Below is a comprehensive list of the titles that have found homes through Friday afternoon — more than two-dozen — broken down both by agency and by distributor. Additional deals are on the way, so check back as the list fills out further. Interspersed with the films below, members of the sales agency teams that handled the bargaining describe the tone and intricacies of the market as they saw it this week.
“The festival met everyone’s expectations,” says CAA’s Roeg Sutherland and Micah Green. “The market for high-end commercial films is stronger than ever, driven by an abundance of well-capitalized distributors looking for third-party projects. All of our broad-appeal films were sold prior to their premieres in Toronto ('Looper,' 'End of Watch,' 'The Master,' 'Seven Psychopaths,' 'The Company You Keep,' 'Spring Breakers'). In Toronto, we experienced a surge in interest in smaller, cast-driven specialty films. The market for these more execution-dependent projects has rebounded in the last year due to the strong performance of films such as 'Bachelorette' and 'Margin Call' on VOD and iTunes. It feels like we are witnessing a land grab of new and existing distributors positioning themselves to capitalize on the impending revenue spike from emerging digital platforms.”
THE GERSH AGENCY
“Toronto was productive for buyers and sellers,” says Gersh partner Jay Cohen. “The independent market is strong but films need to be made for a price with the appropriate cast based on the appropriate genre.With the increase in Premium/Ultra VOD deals, buyers are still experimenting and learning how to best monetize the market so the MG’s are still a bit lower than expectations.”
“This year’s festival hosted many of the usual players, along with several newcomers,” says ICM Partners head of international and independent film Jessica Lacy. “Even though sales were active, a lot of deals will close after the festival. Since they have become more complex, there are a number of factors to consider and it’s about making the right deal for our clients. We are set to close several over the course of the next few weeks.”
NATIONAL FILM BOARD OF CANADA
“It was a very healthy market for both traditional theatrical releases and newer VOD-driven models,” says Paradigm agent Ben Weiss. “Goldwyn saw the opportunity for the James Cromwell drama ‘Still’ to find its audience with a traditional awards-style release. ‘Reincarnated,’ on the other hand, as a more youth-driven film, is an example of a film that will be most successful with an innovative plan that combines VOD, theatrical and digital distribution. Distributors are recognizing the need to be specific and analytical with their acquisitions; as sales agents, it is critical to be able to deliver the content and negotiate the most effective deals for our films.”

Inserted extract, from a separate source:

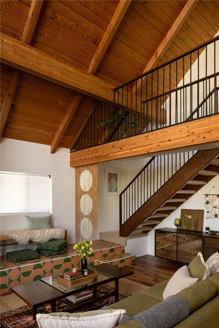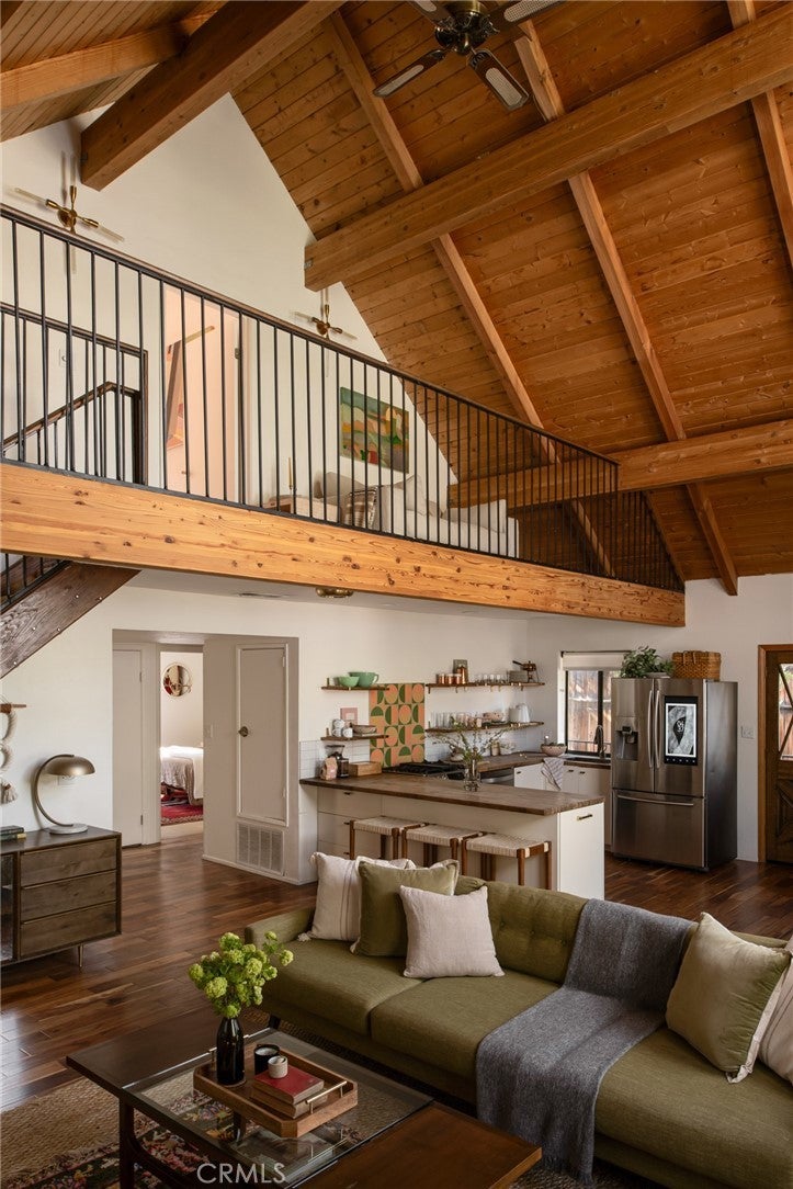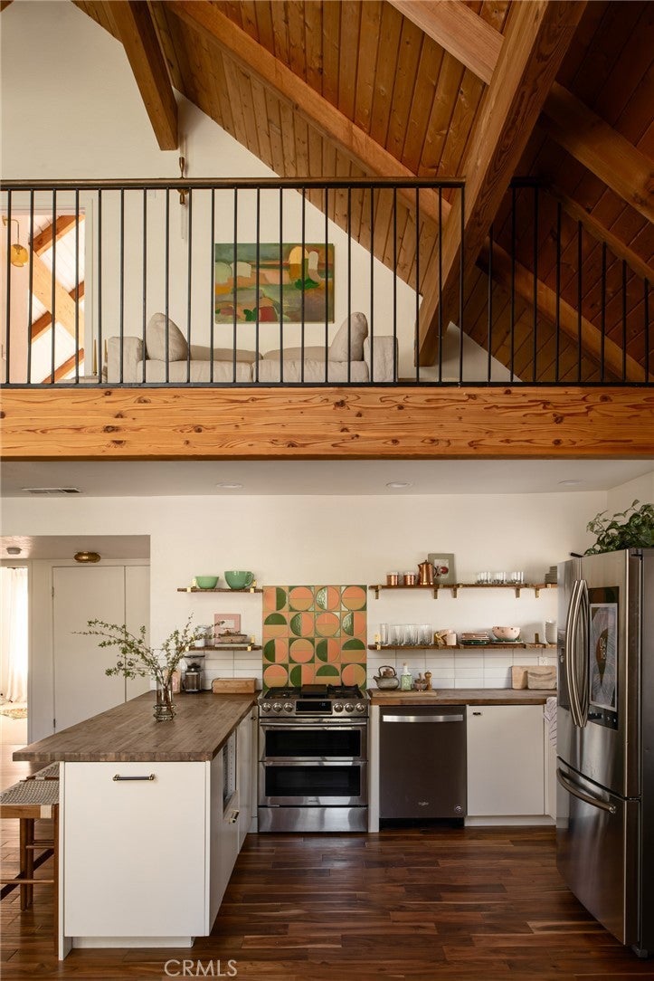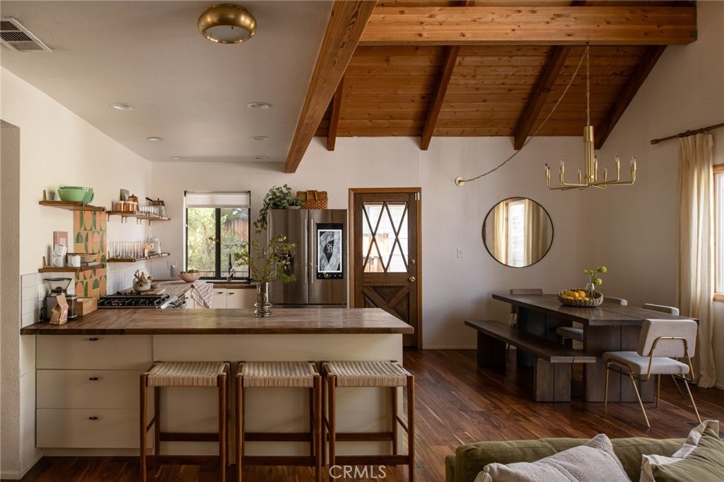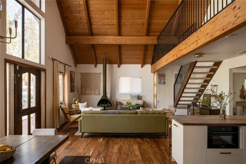 Beamed Ceilings, Breakfast Bar, Separate/Formal Dining Room, High Ceilings, Living Room Deck Attached, Open Floorplan, Bedroom on Main Level, Loft, Primary Suite

“The pace and rhythm of Toronto this year was slow and steady with less irrational exuberance and more measured business-like deal making,” says Submarine co-president Josh Braun. “The two closed deals (“Casting By” and “No Place on Earth”) played out methodically, and we reached agreements where both sides were very happy without late-night bidding wars. The two deals that are nearly finalized (“The Lords of Salem” and “Love, Marilyn”) each had a bit more drama but more or less played out in a similar fashion.”
UTA INDEPENDENT FILM GROUP
“Toronto proved to be dynamic this year both as a festival and as a market, with significant sales spread out across a real diversity of films and distributors,” said Rena Ronson, co-head of UTA Independent Film Group. “What was most interesting was seeing the balance between traditional theatrical deals and the day-and-date deals. There is more innovation required than ever in getting films in front of audiences, and it was reassuring to come to Toronto and see the industry embrace the range of possibilities that exist for so many titles.”
“Toronto delivered on every level,” says head of WME Global Graham Taylor. “From the discovery of new talent and auteurs returning with new offerings to the licensing of distribution rights of films both big and small, it was dynamic and exciting — and good for the movie business.”
“Buyers were a little more guarded, but there was still business going on, and as usual a lot of deals will close after the festival once everyone's priority titles are bought and sold,” says XYZ partner Nate Bolotin. “In the aggregate, it would be great to know how many films that sold are actually profitable movies and if the budgets for indie films are justifiable given the North American deals conducted. Festival-driven genre films generally don't have much difficulty finding a buyer and a good deal, as long as the finance plan was smart and budgets were reverse engineered.”